What does Acts 17:30 mean?
ESV: The times of ignorance God overlooked, but now he commands all people everywhere to repent,
NIV: In the past God overlooked such ignorance, but now he commands all people everywhere to repent.
NASB: So having overlooked the times of ignorance, God is now proclaiming to mankind that all people everywhere are to repent,
CSB: "Therefore, having overlooked the times of ignorance, God now commands all people everywhere to repent,
NLT: God overlooked people’s ignorance about these things in earlier times, but now he commands everyone everywhere to repent of their sins and turn to him.
KJV: And the times of this ignorance God winked at; but now commandeth all men every where to repent:
NKJV: Truly, these times of ignorance God overlooked, but now commands all men everywhere to repent,
Verse Commentary:
Epicurean and Stoic philosophers have gathered at the Areopagus. This is a court where serious issues are discussed in Athens. The Greek philosophers pride themselves in discovering the truth about life. The Epicureans endeavor to find the balance between need and excess in all things. Stoics try to live according to the logos, the overarching law that governs creation; one of their four cardinal virtues is wisdom. Here, they have dragged the apostle Paul to hear him defend his preaching about Jesus.

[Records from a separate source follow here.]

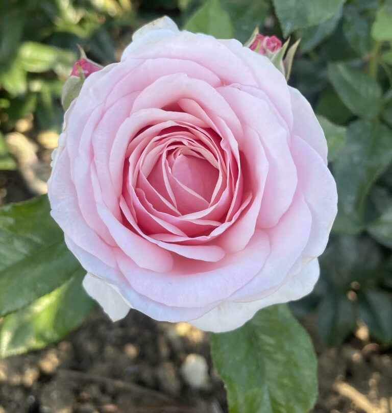 DRAKKAR est un rosier au port compact et des roses de grandes tailles (14 cm) rose poudré. -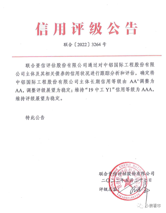 近日,聯合資信公告稱,將中鋁國際(02068.HK/601068.SH)長期債務評級從AA+下調至AA,調整評級展望為穩定,維持“19中工Y1”信用等級為AAA。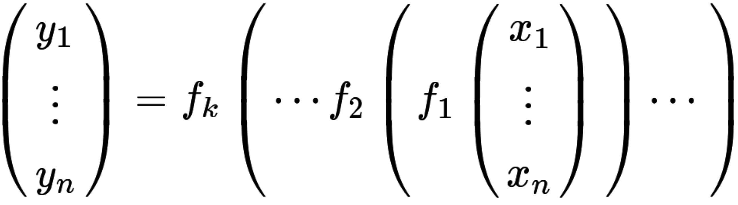 大量の入力ベクトルデータ $(x_i)_{i=1...n}$ と出力ベクトルデータ $(y_i)_{i=1...n}$ が与えられ、$\sum_{i=1}^n ((y_i) - f(x_i))^2$ が最小の値になるように $w_{ij}, b_i$ を調整します。

Paul began his argument by comparing the altar "to the unknown god" with the God who created the world and the people in it. He points out that if this God is mighty enough to give humans life and movement, He can't possibly be reduced to an idol (Acts 17:22–29). To worship an idol as if it is the Creator is a sin of ignorance. Now that they understand it is wrong, the people need to repent or face judgment (Acts 17:31).

The idea that God overlooked times of ignorance is echoed in Romans 3:25. From the time of Moses to the death, resurrection, and ascension of Christ, relationship to God was almost exclusively defined through the Mosaic law. Many confused those laws and rituals with the means of salvation, itself. With Christ, the times of ignorance—lack of understanding about God, His expectations, and salvation by grace through faith in Jesus—have ended. Now that the Athenians know the truth, they are responsible for it. They have done the best they can by trying to live according to what they know of the world (Romans 2:14–16). It's time for that knowledge to be redeemed and for them to see the truth. They can show that they understand this by repenting: rejecting their previous worldview and accepting God's.

The problem is, neither group believes in the resurrection of the dead and so they don't believe in a final judgment. Despite claiming to search for and live according to the truth of the cosmos, they deny God exists and some mock Paul as he walks away (Acts 17:32–33). Others request to hear more, while others do believe (Acts 17:32, 34).
Verse Context:
Acts 17:22–34 contains the second of two sermons which Luke records from Paul. The more typical sermon explains to synagogues how Jesus is the Messiah (Acts 13:16–41). Here, however, Paul is speaking to a group of Athenian philosophers. Paul uses lines from classical poets to introduce the Creator God who cannot be represented by an idol. He calls his audience to repent of their idolatry lest they face judgment by the representative God has resurrected. But they don't believe in the resurrection of the dead or final judgment. The majority dismiss Paul as a fool and go on their way.
Chapter Summary:
Acts 17 describes how Paul's ministry travels down the coast of Greece. In Thessalonica, some Jews and God-fearing Gentiles believe while other Jews start a riot (Acts 17:1–9). The Bereans study the veracity of Paul's statements—until the Thessalonian Jews arrive and threaten to start another riot (Acts 17:10–15). Paul flees to Athens where the Epicurean and Stoic philosophers accept Paul's argument when he uses Greek poets to introduce God as the creator of the world, but lose interest when he mentions the resurrection from the dead (Acts 17:16–34).
Chapter Context:
Acts 17 continues Paul and Silas' travels out of Macedonia and on to Greece. The two have been through modern-day Asia minor where they picked up Timothy in Lystra and Luke in Troas (Acts 16:1–10). They have established a strong church in Philippi but were forced to leave after being falsely imprisoned (Acts 16:11–40). They now skip down the coast to Thessalonica, Berea, and Athens. From here, they will spend a considerable amount of time in Corinth before heading back to Judea and Syrian Antioch (Acts 18:1–22).
Book Summary:
The summary of the book of Acts is provided in Jesus' words in Acts 1:8: ''But you will receive power when the Holy Spirit has come upon you, and you will be my witnesses in Jerusalem and in all Judea and Samaria, and to the ends of the earth.'' In Acts 2:1–13, the Christ-followers receive the Holy Spirit. Acts 2:14—7:60 describes the rapid growth of the church in Jerusalem. Chapters 8—12 find Jewish persecution inadvertently spreading the gospel throughout Judea and Samaria. And in chapters 13—28, Paul and his companions spread the good news throughout the Roman Empire.